Consider the following code:

List<int> l1 = new() { 3, 5, 6 };
List<int> l2 = new() { 1, 2 };

l1.Concat(l2).Dump();
l1.Concat(l2).GetType().Dump(); 

The return type for the Concat method is listed clearly in the docs https://learn.microsoft.com/en-us/dotnet/api/system.linq.enumerable.concat?view=net-8.0#returns which is IEnumerable<TSource>. LINQPad's Dump method shows this correctly - based on the type of elements in our lists Int32, as the first output seen below:

If I try to get this information myself, it doesn't go that well. First, using GetType will return the actual type of the object returned - Concat2Iterator<Int32> - highlighted in green below (link to code here). From my understanding this is called the runtime type.

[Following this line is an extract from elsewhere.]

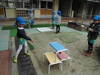 こまがまわせるようになった年長児は「難しい回し方をしよう」と、ベンチを積んで、1階、2階、3階とそれぞれの場所で回そうと頑張っています。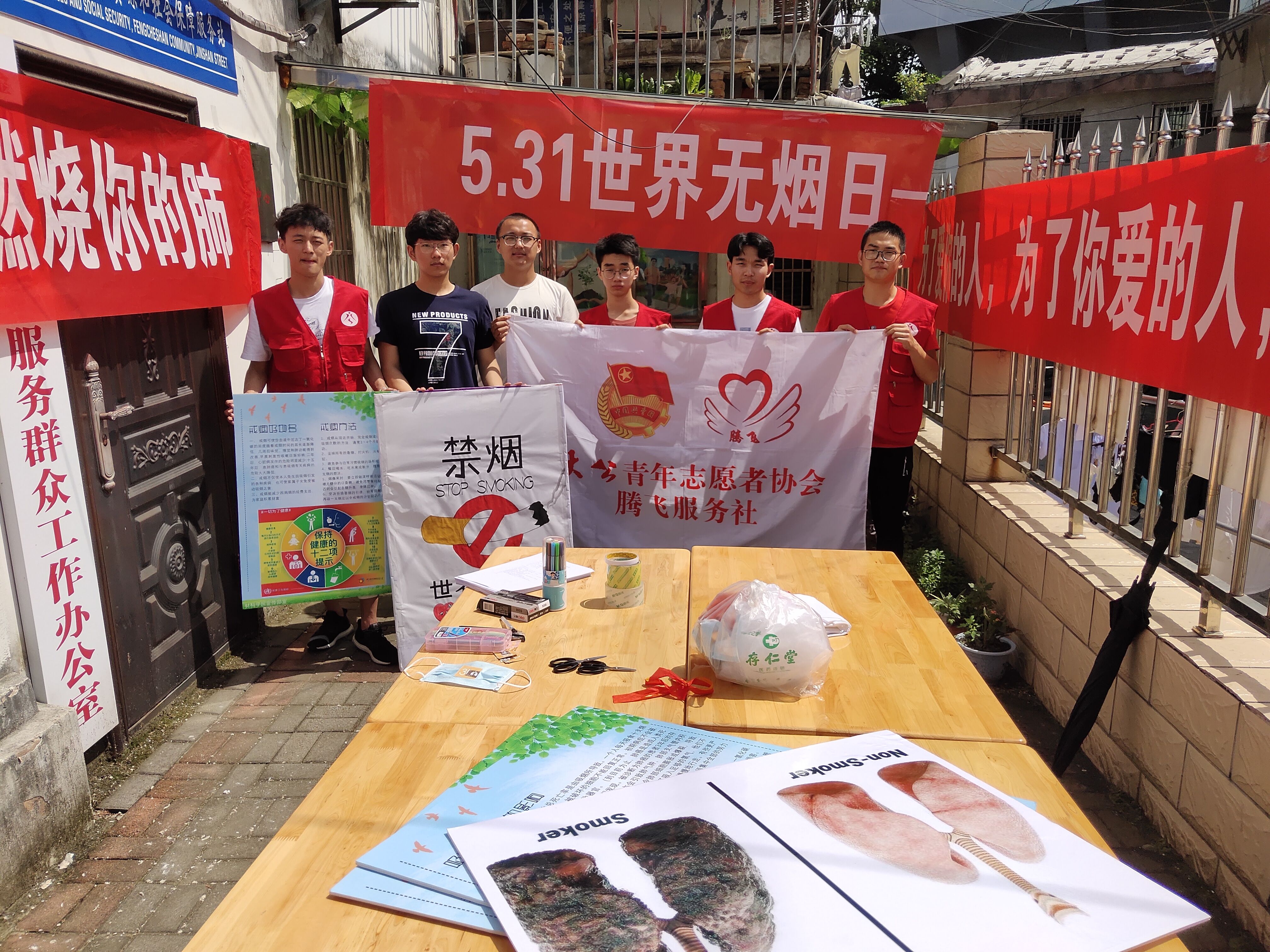 在世界无烟日到来之际,为提倡禁止吸烟,拥抱健康生活。5月29日上午,太阳成集团tyc腾飞志愿者服务社来到风车山社区开展以“拒绝烟草,拥抱健康”为主题的志愿活动。学院团委指导老师李文达来到现场指导活动。

If I try to use instead GetType().GetInterfaces() I do get the interfaces that the respective type Concat2Iterator<Int32> implements, but obviously there are multiple ones:

But how does LINQPad know to print only IEnumerable<Int32>~ as the type when invokingDump` in this case?

I feel like I'm missing a very basic thing here. I've looked through a couple of C# books I have - including an older version of "C# 7.0 in a Nutshell" - but I can't figure out what's the answer.

Comments

  • LINQPad is displaying the static type (i.e., the compile-time type) which it captures via the type parameter on Dump. It does a similar thing when enumerating fields and properties - it uses the field/property type as the static type.

  • Understood. I tried with the extension method below, and indeed it prints System.Collections.Generic.IEnumerable`1[System.Int32]. Processing this so it gets the short name of the types gets me to IEnumerable<Int32>, which I'm after. Thank you!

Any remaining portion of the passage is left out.